- Location: Cinema Rex, Belgium
- Date: 16 December 1944
- Attack type: Aerial bombing; Rocket attack;
- Weapon: 1 V-2 Rocket
- Deaths: 567 killed 271 civilians; 296 Allied military personnel;
- Injured: 194 Allied military personnel Unknown number of civilians
- Perpetrators: Wehrmacht

= Cinema Rex bombing =

Cinema in Antwerp, Belgium, hit by V-2 rocket in World War II

Cinema Rex was a cinema located at De Keyserlei 15 in Antwerp, Belgium. It opened in 1935 and was designed by Leon Stynen, a Belgian architect, modeled after large American movie theatres.

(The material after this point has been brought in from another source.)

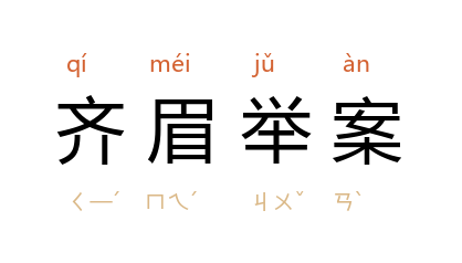 引元 于伯渊 《点绛唇》套曲:“言行功容,四德三从, 孟光 合配 梁鸿。怎教他齐眉举案劳尊重,俏书生别有家风。”清 钮琇 《觚賸续编·双双》:“譬如置铜山宝林於前,与之齐眉举案;悬玉带金鱼於侧,与之比肩偕老。”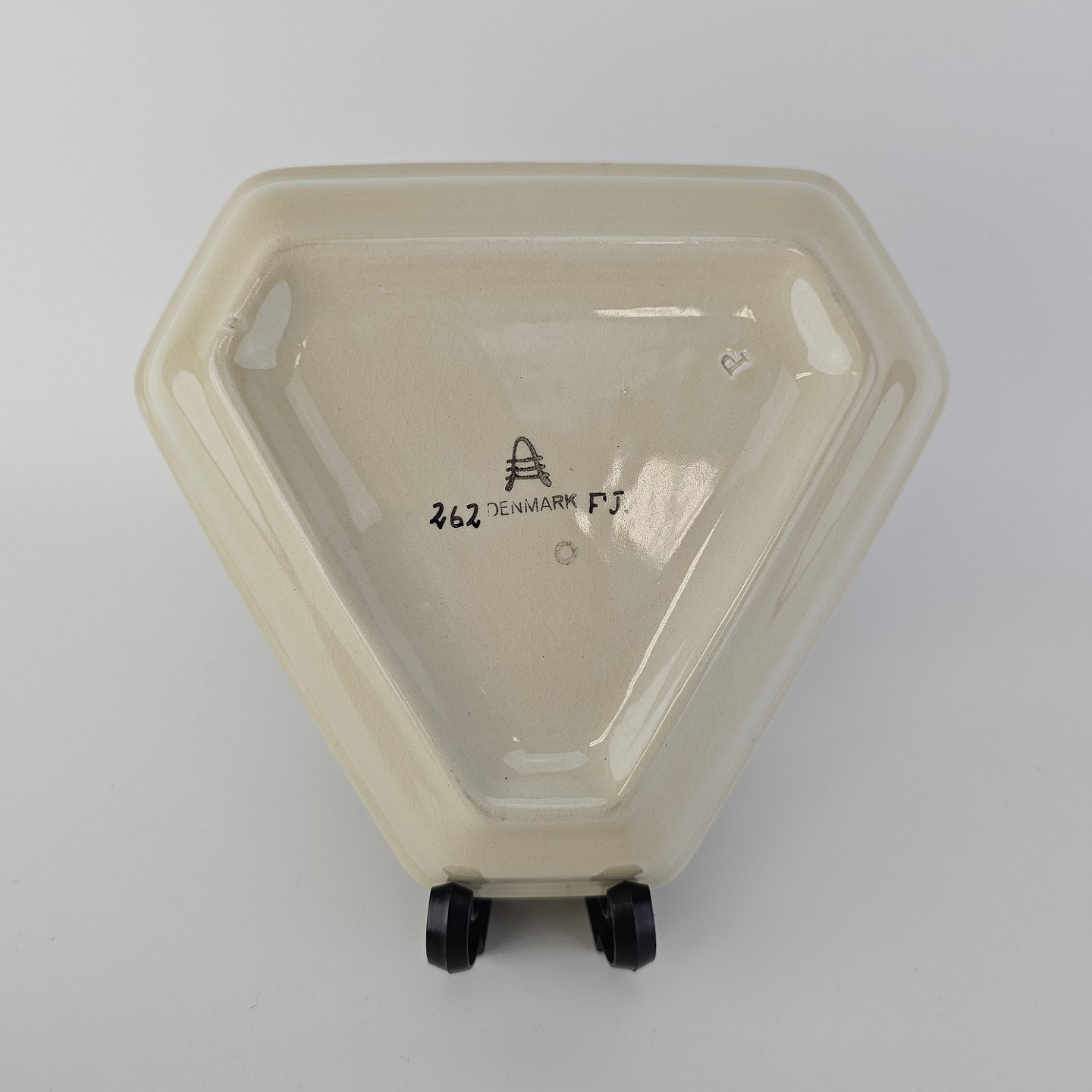 Plat de menage med peberbøsse, saltbøsse og sennepskrukke i fajance fra stellet Knud

On 16 December 1944 (the first day of the Ardennes Offensive), at 15:20, a V-2 rocket fired from The Netherlands (Hellendoorn) by the SS Werfer Battery 500 directly landed on the roof of the cinema during a showing of The Plainsman. There were approximately 1,100 people inside the cinema and the explosion killed 567 people including 296 Allied servicemen (194 further servicemen were injured) and 11 buildings in total destroyed. Up to 74 Belgian children were killed too.

It took nearly a week to dig all the bodies out of the rubble. It was the single highest death total from a single rocket attack during the war. Following the attack all public performance venues were closed and the town council ordered that a maximum of 50 people were allowed to congregate in any one location.

The theatre was re-built in 1947 but closed in 1993 and was demolished in 1995.